[Data records]
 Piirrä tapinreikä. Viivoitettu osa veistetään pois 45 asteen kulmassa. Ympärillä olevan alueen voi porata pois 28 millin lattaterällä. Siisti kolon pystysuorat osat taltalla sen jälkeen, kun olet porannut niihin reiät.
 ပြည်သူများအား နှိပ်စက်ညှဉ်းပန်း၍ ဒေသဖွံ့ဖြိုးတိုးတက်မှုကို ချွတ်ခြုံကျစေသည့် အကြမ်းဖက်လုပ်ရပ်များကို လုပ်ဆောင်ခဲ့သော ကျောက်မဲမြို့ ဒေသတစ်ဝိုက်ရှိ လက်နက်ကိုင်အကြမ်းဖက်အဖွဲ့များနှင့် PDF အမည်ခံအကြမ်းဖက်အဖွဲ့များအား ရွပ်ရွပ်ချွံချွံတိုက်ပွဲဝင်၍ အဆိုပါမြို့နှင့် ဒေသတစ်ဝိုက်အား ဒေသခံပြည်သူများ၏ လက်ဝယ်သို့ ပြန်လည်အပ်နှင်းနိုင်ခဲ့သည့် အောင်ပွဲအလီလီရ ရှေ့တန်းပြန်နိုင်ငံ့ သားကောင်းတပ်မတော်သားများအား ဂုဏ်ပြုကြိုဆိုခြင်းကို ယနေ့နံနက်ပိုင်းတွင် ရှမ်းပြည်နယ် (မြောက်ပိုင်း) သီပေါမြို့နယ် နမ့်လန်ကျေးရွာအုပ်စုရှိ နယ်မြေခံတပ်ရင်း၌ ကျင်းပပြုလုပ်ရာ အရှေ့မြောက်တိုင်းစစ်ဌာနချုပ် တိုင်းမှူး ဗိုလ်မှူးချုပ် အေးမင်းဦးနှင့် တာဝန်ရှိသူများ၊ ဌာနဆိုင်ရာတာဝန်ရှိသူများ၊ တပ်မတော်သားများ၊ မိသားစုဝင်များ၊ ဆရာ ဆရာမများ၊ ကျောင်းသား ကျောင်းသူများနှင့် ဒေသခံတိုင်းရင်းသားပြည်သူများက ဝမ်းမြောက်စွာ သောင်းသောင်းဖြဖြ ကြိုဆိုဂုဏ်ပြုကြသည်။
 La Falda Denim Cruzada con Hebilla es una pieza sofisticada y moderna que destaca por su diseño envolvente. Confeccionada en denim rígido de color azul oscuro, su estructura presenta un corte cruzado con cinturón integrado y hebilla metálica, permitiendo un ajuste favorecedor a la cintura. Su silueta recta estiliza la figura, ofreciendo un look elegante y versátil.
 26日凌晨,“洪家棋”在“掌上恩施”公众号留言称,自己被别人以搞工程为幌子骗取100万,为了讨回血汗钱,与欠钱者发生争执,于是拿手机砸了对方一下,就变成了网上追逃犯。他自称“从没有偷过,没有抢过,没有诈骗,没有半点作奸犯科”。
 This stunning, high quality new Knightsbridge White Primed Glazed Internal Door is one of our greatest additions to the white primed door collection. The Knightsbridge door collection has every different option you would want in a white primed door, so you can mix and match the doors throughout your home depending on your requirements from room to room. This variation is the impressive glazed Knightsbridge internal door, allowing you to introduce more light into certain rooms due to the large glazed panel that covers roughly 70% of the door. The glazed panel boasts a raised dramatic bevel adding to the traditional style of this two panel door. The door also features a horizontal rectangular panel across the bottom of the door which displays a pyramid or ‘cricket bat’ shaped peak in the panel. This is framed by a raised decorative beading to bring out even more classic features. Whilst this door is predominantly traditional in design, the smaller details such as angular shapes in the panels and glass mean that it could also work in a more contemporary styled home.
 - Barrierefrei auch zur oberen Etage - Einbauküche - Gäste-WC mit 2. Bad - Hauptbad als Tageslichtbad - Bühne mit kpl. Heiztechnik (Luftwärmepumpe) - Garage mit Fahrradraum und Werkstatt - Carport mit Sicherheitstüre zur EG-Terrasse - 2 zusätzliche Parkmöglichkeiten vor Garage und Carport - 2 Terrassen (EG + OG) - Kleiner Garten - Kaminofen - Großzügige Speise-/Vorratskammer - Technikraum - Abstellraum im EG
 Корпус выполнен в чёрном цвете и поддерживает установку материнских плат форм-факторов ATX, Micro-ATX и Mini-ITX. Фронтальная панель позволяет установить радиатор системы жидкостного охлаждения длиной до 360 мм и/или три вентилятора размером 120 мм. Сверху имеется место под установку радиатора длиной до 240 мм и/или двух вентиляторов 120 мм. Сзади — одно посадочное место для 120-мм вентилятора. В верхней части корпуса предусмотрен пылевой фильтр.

Task prompt: Would you give the data above again, exactly as written?

Response below:
 Piirrä tapinreikä. Viivoitettu osa veistetään pois 45 asteen kulmassa. Ympärillä olevan alueen voi porata pois 28 millin lattaterällä. Siisti kolon pystysuorat osat taltalla sen jälkeen, kun olet porannut niihin reiät.
 ပြည်သူများအား နှိပ်စက်ညှဉ်းပန်း၍ ဒေသဖွံ့ဖြိုးတိုးတက်မှုကို ချွတ်ခြုံကျစေသည့် အကြမ်းဖက်လုပ်ရပ်များကို လုပ်ဆောင်ခဲ့သော ကျောက်မဲမြို့ ဒေသတစ်ဝိုက်ရှိ လက်နက်ကိုင်အကြမ်းဖက်အဖွဲ့များနှင့် PDF အမည်ခံအကြမ်းဖက်အဖွဲ့များအား ရွပ်ရွပ်ချွံချွံတိုက်ပွဲဝင်၍ အဆိုပါမြို့နှင့် ဒေသတစ်ဝိုက်အား ဒေသခံပြည်သူများ၏ လက်ဝယ်သို့ ပြန်လည်အပ်နှင်းနိုင်ခဲ့သည့် အောင်ပွဲအလီလီရ ရှေ့တန်းပြန်နိုင်ငံ့ သားကောင်းတပ်မတော်သားများအား ဂုဏ်ပြုကြိုဆိုခြင်းကို ယနေ့နံနက်ပိုင်းတွင် ရှမ်းပြည်နယ် (မြောက်ပိုင်း) သီပေါမြို့နယ် နမ့်လန်ကျေးရွာအုပ်စုရှိ နယ်မြေခံတပ်ရင်း၌ ကျင်းပပြုလုပ်ရာ အရှေ့မြောက်တိုင်းစစ်ဌာနချုပ် တိုင်းမှူး ဗိုလ်မှူးချုပ် အေးမင်းဦးနှင့် တာဝန်ရှိသူများ၊ ဌာနဆိုင်ရာတာဝန်ရှိသူများ၊ တပ်မတော်သားများ၊ မိသားစုဝင်များ၊ ဆရာ ဆရာမများ၊ ကျောင်းသား ကျောင်းသူများနှင့် ဒေသခံတိုင်းရင်းသားပြည်သူများက ဝမ်းမြောက်စွာ သောင်းသောင်းဖြဖြ ကြိုဆိုဂုဏ်ပြုကြသည်။
 La Falda Denim Cruzada con Hebilla es una pieza sofisticada y moderna que destaca por su diseño envolvente. Confeccionada en denim rígido de color azul oscuro, su estructura presenta un corte cruzado con cinturón integrado y hebilla metálica, permitiendo un ajuste favorecedor a la cintura. Su silueta recta estiliza la figura, ofreciendo un look elegante y versátil.
 26日凌晨,“洪家棋”在“掌上恩施”公众号留言称,自己被别人以搞工程为幌子骗取100万,为了讨回血汗钱,与欠钱者发生争执,于是拿手机砸了对方一下,就变成了网上追逃犯。他自称“从没有偷过,没有抢过,没有诈骗,没有半点作奸犯科”。
 This stunning, high quality new Knightsbridge White Primed Glazed Internal Door is one of our greatest additions to the white primed door collection. The Knightsbridge door collection has every different option you would want in a white primed door, so you can mix and match the doors throughout your home depending on your requirements from room to room. This variation is the impressive glazed Knightsbridge internal door, allowing you to introduce more light into certain rooms due to the large glazed panel that covers roughly 70% of the door. The glazed panel boasts a raised dramatic bevel adding to the traditional style of this two panel door. The door also features a horizontal rectangular panel across the bottom of the door which displays a pyramid or ‘cricket bat’ shaped peak in the panel. This is framed by a raised decorative beading to bring out even more classic features. Whilst this door is predominantly traditional in design, the smaller details such as angular shapes in the panels and glass mean that it could also work in a more contemporary styled home.
 - Barrierefrei auch zur oberen Etage - Einbauküche - Gäste-WC mit 2. Bad - Hauptbad als Tageslichtbad - Bühne mit kpl. Heiztechnik (Luftwärmepumpe) - Garage mit Fahrradraum und Werkstatt - Carport mit Sicherheitstüre zur EG-Terrasse - 2 zusätzliche Parkmöglichkeiten vor Garage und Carport - 2 Terrassen (EG + OG) - Kleiner Garten - Kaminofen - Großzügige Speise-/Vorratskammer - Technikraum - Abstellraum im EG
 Корпус выполнен в чёрном цвете и поддерживает установку материнских плат форм-факторов ATX, Micro-ATX и Mini-ITX. Фронтальная панель позволяет установить радиатор системы жидкостного охлаждения длиной до 360 мм и/или три вентилятора размером 120 мм. Сверху имеется место под установку радиатора длиной до 240 мм и/или двух вентиляторов 120 мм. Сзади — одно посадочное место для 120-мм вентилятора. В верхней части корпуса предусмотрен пылевой фильтр.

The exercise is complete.